0

I have the following content with what I think are the possible cases of someone defining an link:

hello <a href='something.jpg'>link</a> world <a href="something.com">link</a> what <a href=something.jpg>link</a>

I also have the following regular expression with a positive look behind:

(?<=href=["\'])something

The expression matches the word "something" in the first two links. In an attempt to capture the third instance of "something" in the link without any quotes, I thought making the ["\'] token optional (using ?) would capture it.
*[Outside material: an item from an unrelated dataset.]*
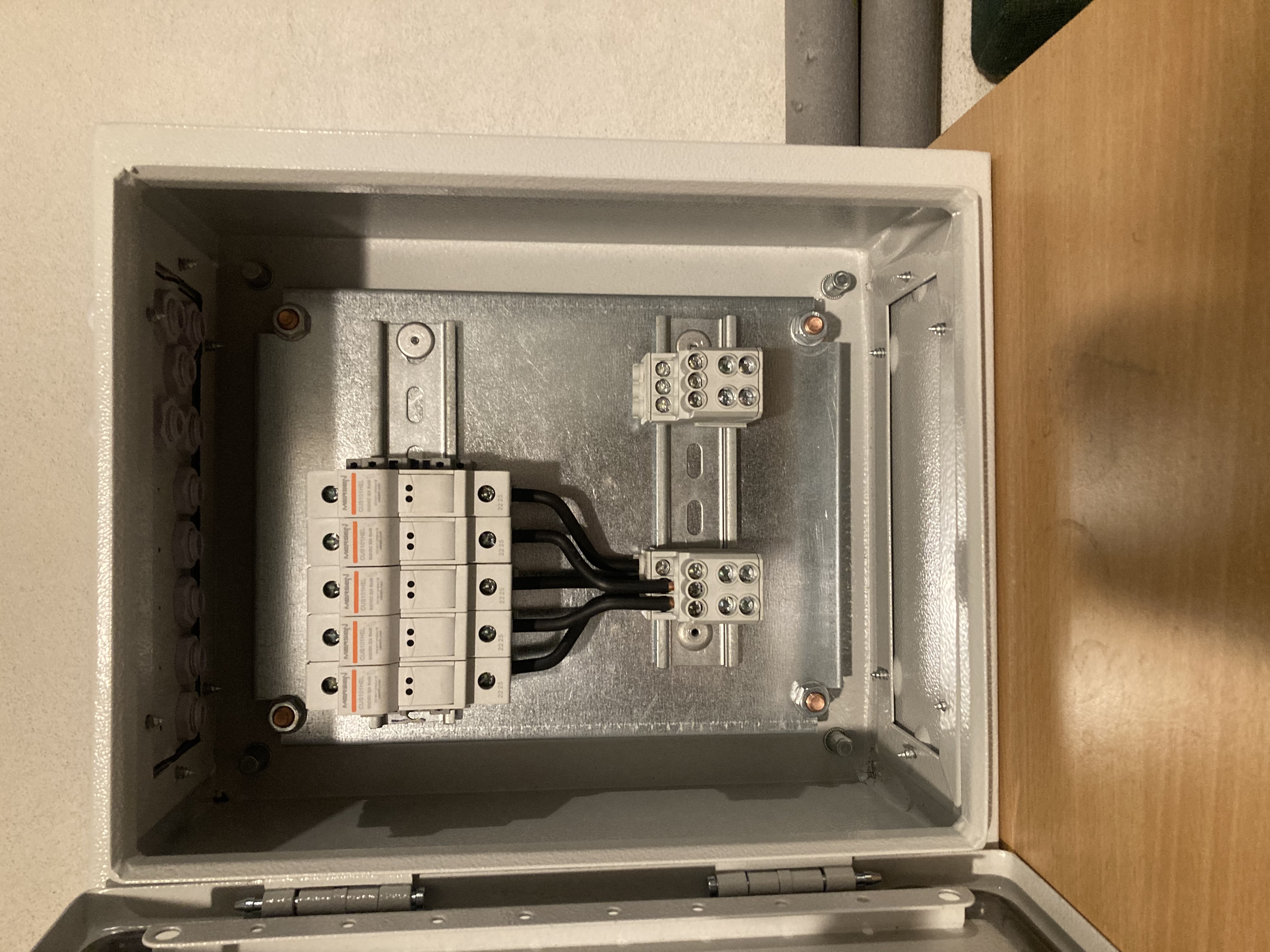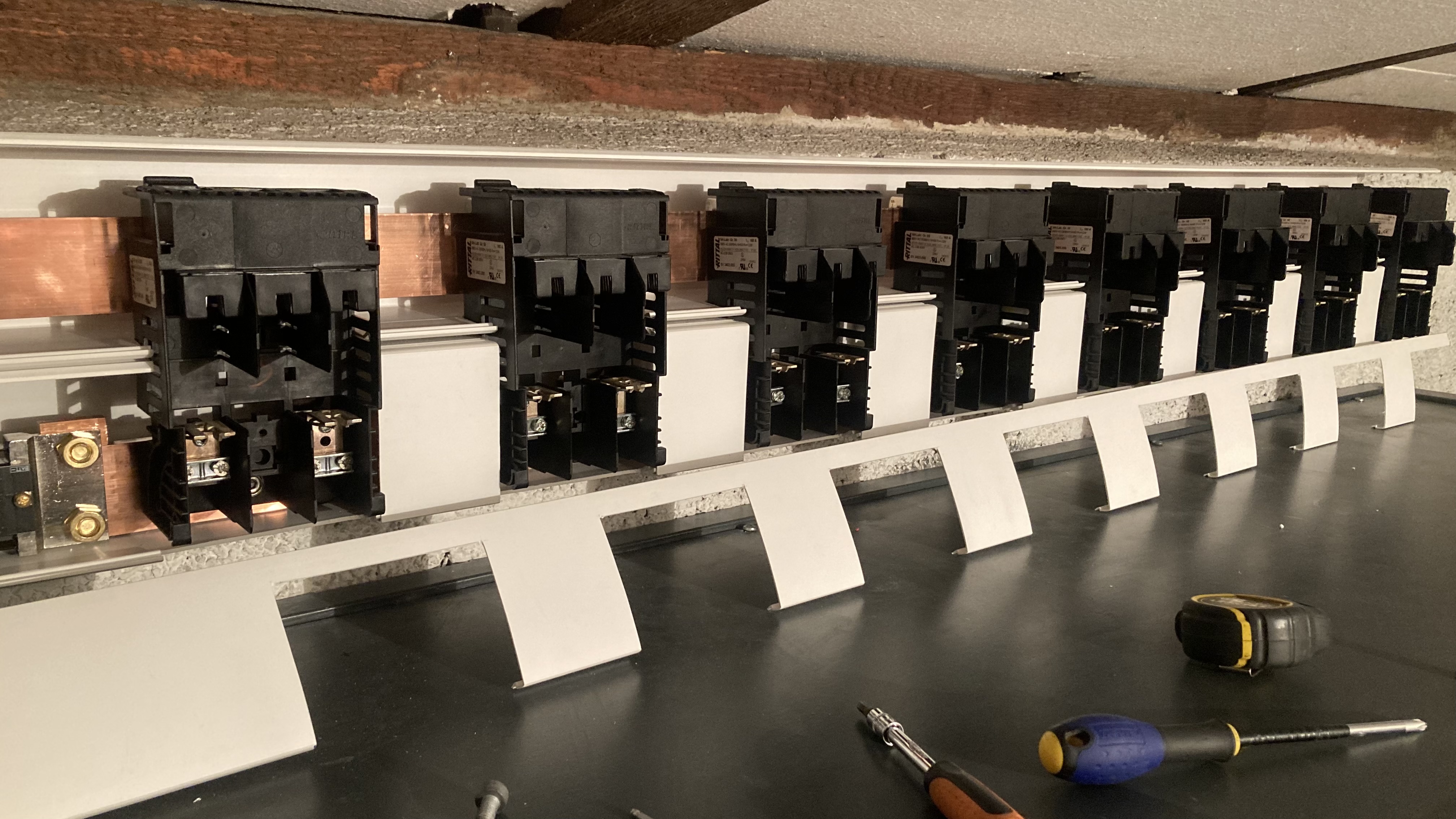 Kazdy odpajac ma zozadu nozicky na uchytenie na pasovyny..a od spodu mam vyvody na baterky a takisto aj menice a regulatory.ono vyhoda tychto odpajacov je ze sa daju prerobit lahko aj len cisto na kable alebo vyvody presunut na vrch..ako kazdemu dovoluje instalacia..

The expression now looks like this:

(?<=href=["\']?)something

Unfortunately it now does not mach any of the instances of "something". What could I be doing incorrectly? I'm using http://gskinner.com/RegExr/ to test this out.

Matt W
  • 6,078
  • 3
  • 32
  • 40
  • [Why are you trying to parse HTML with regex?](http://stackoverflow.com/questions/1732348/regex-match-open-tags-except-xhtml-self-contained-tags) – Eric Oct 11 '11 at 20:59

1 Answers1

4

Many regex flavors only support fixed-length lookbehind assertions. If you have an optional token in your lookbehind, its length isn't fixed, rendering it invalid.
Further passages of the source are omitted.